Once DRAM is set up you are ready to annotate some MAGs. The following command will generate your full annotation:
DRAM.py annotate -i 'my_bins/*.fa' -o annotation
my_bins
should be replaced with the path to a directory which contains all of your bins you would like to annotated and .fa
should be replaced with the file extension used for your bins (i.e. .fasta
, .fna
, etc). If you only need to annotate a single genome (or an entire assembly) a direct path to a nucleotide fasta should be provided. Using 20 processors, DRAM.py takes about 17 hours to annotate ~80 MAGs of medium quality or higher from a mouse gut metagenome.
In the output annotation
folder, there will be various files. genes.faa
and genes.fna
are fasta files with all genes called by prodigal with additional header information gained from the annotation as nucleotide and amino acid records respectively. genes.gff
is a GFF3 with the same annotation information as well as gene locations. scaffolds.fna
is a collection of all scaffolds/contigs given as input to DRAM.py annotate
with added bin information in the headers. annotations.tsv
is the most important output of the annotation. This includes all annotation information about every gene from all MAGs. Each line is a different gene and each column contains annotation information. trnas.tsv
contains a summary of the tRNAs found in each MAG.

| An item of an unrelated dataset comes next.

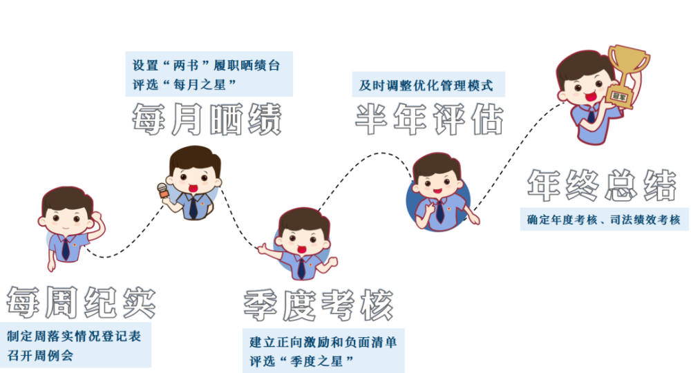 改变以往“年底算总账”的做法,强调“功夫需下在平时”,建立“全时段考核管理模式”。通过“每周记实、每月晒绩、季度考核、半年评估、年终总结”的及时性总体性反馈方式,让考核真正考出差距、拉开等次,扎实推动“两书”管理制度落地见效。

Then after your annotation is finished you can summarize these annotations with the following command:
DRAM.py distill -i annotation/annotations.tsv -o genome_summaries --trna_path annotation/trnas.tsv --rrna_path annotation/rrnas.tsv
This will generate the distillate and liquor files.
DRAM has a large memory burden and is designed to be run on high performance computers. DRAM annotates against a large variety of databases which must be processed and stored. Setting up DRAM with KEGG Genes and UniRef90 will take up ~500 GB of storage after processing and require ~512 GB of RAM while using KOfam and skipping UniRef90 will mean all processed databases will take up ~30 GB of disk and will only use ~128 GB of RAM while processing. DRAM annotation memory usage depends on the databases used. When annotating with UniRef90, around 220 GB of RAM is required. If the KEGG gene database has been provided and UniRef90 is not used, then memory usage is around 100 GB of RAM. If KOfam is used to annotate KEGG and UniRef90 is not used, then less than 50 GB of RAM is required. DRAM can be run with any number of processors on a single node.
The DRAM was published in Nucleic Acids Research in 2020 and is available here. If DRAM helps you out in your research, please cite it.